Data for the task >>
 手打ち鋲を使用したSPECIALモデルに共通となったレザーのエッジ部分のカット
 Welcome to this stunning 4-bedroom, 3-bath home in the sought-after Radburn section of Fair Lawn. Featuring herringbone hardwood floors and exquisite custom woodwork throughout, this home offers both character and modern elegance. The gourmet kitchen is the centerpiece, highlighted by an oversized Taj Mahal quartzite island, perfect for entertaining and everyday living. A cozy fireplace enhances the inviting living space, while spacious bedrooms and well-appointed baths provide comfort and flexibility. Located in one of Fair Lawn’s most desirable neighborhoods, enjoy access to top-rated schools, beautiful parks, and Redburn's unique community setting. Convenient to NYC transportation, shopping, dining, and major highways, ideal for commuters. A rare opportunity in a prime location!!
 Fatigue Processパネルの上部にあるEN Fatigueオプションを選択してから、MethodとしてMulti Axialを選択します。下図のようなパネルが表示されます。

* * *

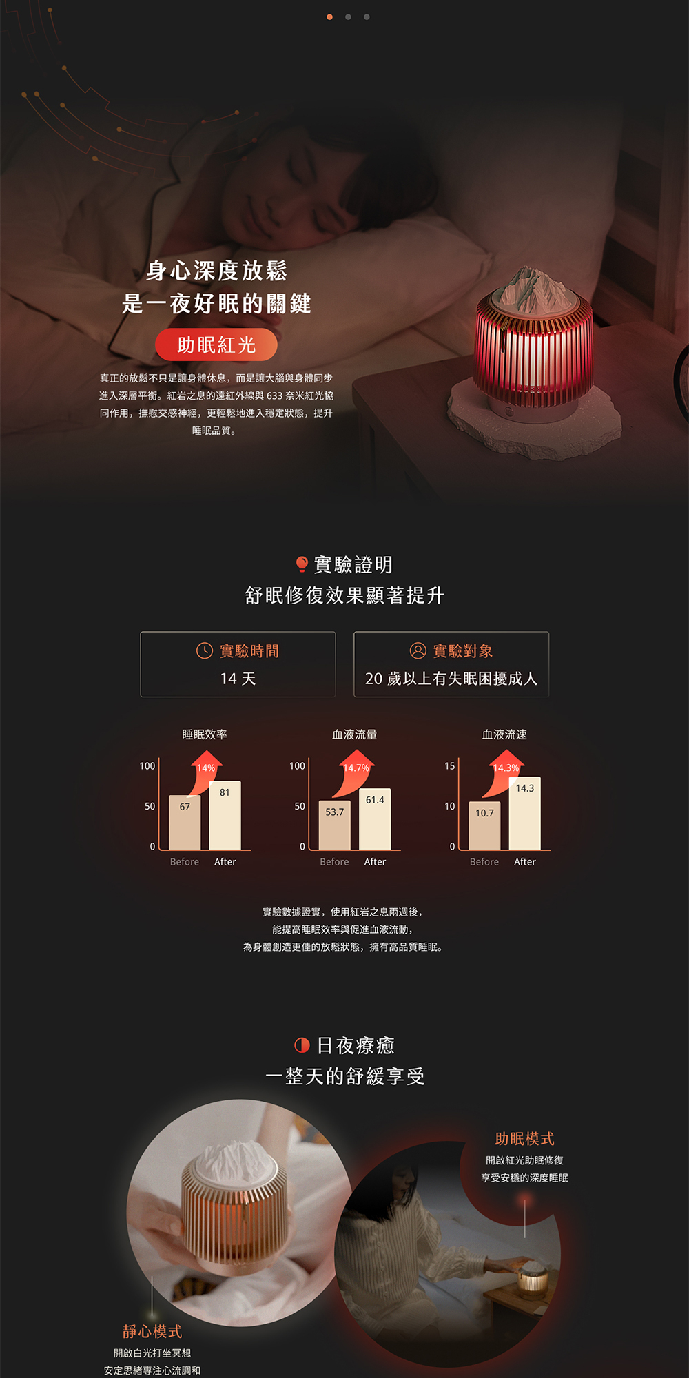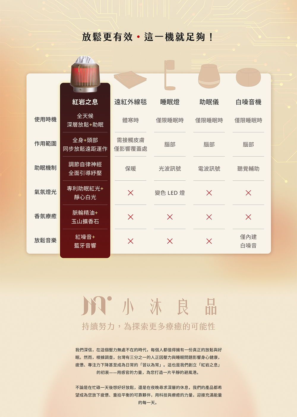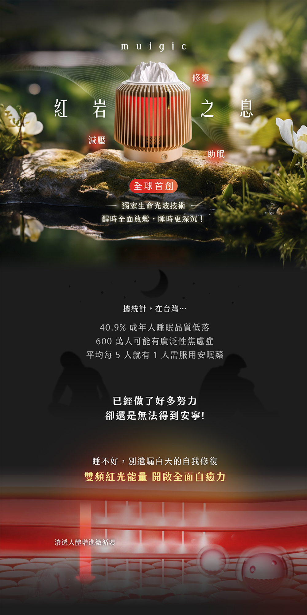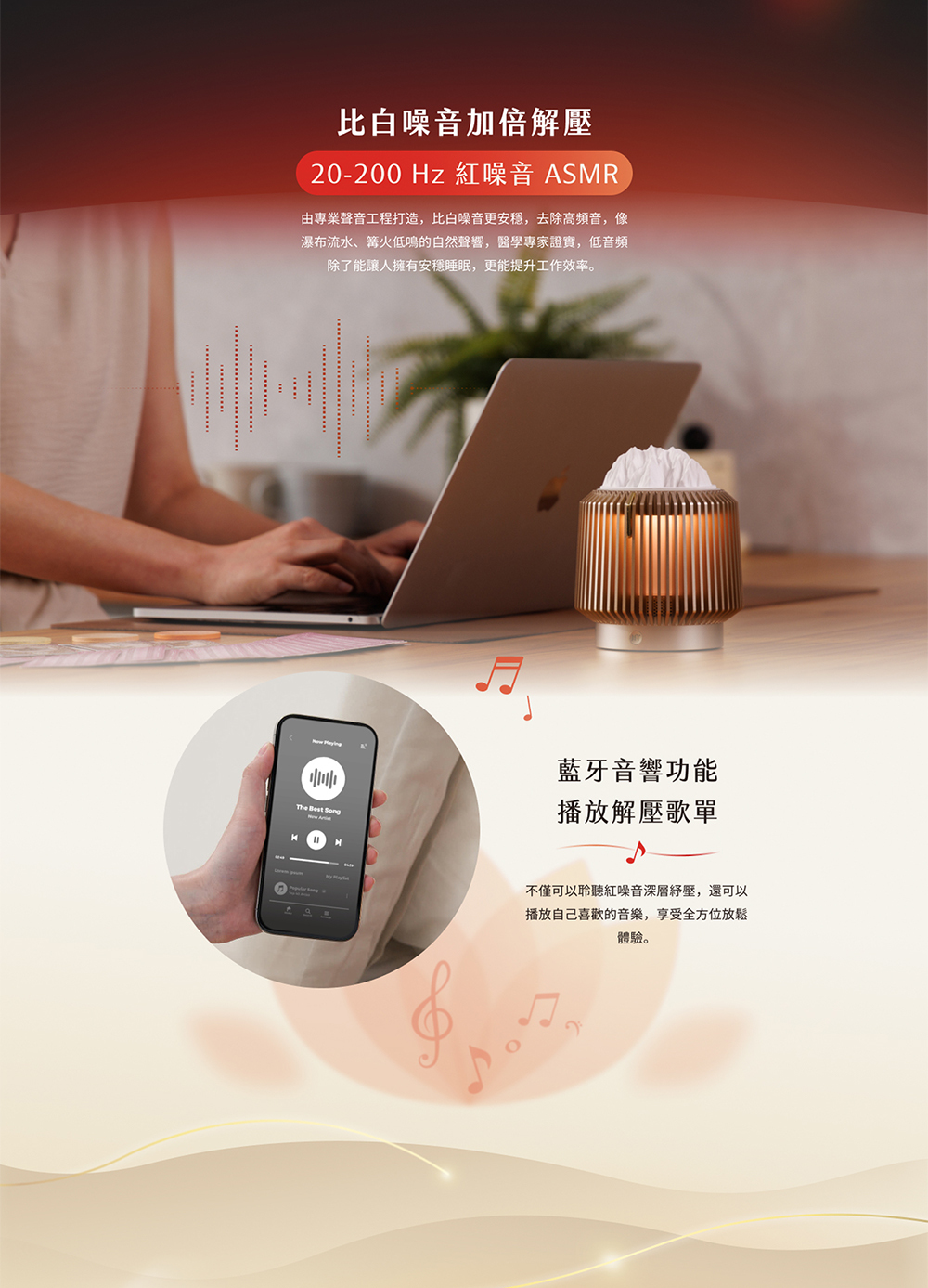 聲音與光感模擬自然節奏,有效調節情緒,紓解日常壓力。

Assignment >> Your answer should be the lines above, from the line containing "Welcome to this" up to and including the line containing "Fatigue Processパネルの上部にあるEN Fatigueオプションを選択してから、MethodとしてMulti", reproduced exactly and with nothing else.

Result below >>
 Welcome to this stunning 4-bedroom, 3-bath home in the sought-after Radburn section of Fair Lawn. Featuring herringbone hardwood floors and exquisite custom woodwork throughout, this home offers both character and modern elegance. The gourmet kitchen is the centerpiece, highlighted by an oversized Taj Mahal quartzite island, perfect for entertaining and everyday living. A cozy fireplace enhances the inviting living space, while spacious bedrooms and well-appointed baths provide comfort and flexibility. Located in one of Fair Lawn’s most desirable neighborhoods, enjoy access to top-rated schools, beautiful parks, and Redburn's unique community setting. Convenient to NYC transportation, shopping, dining, and major highways, ideal for commuters. A rare opportunity in a prime location!!
 Fatigue Processパネルの上部にあるEN Fatigueオプションを選択してから、MethodとしてMulti Axialを選択します。下図のようなパネルが表示されます。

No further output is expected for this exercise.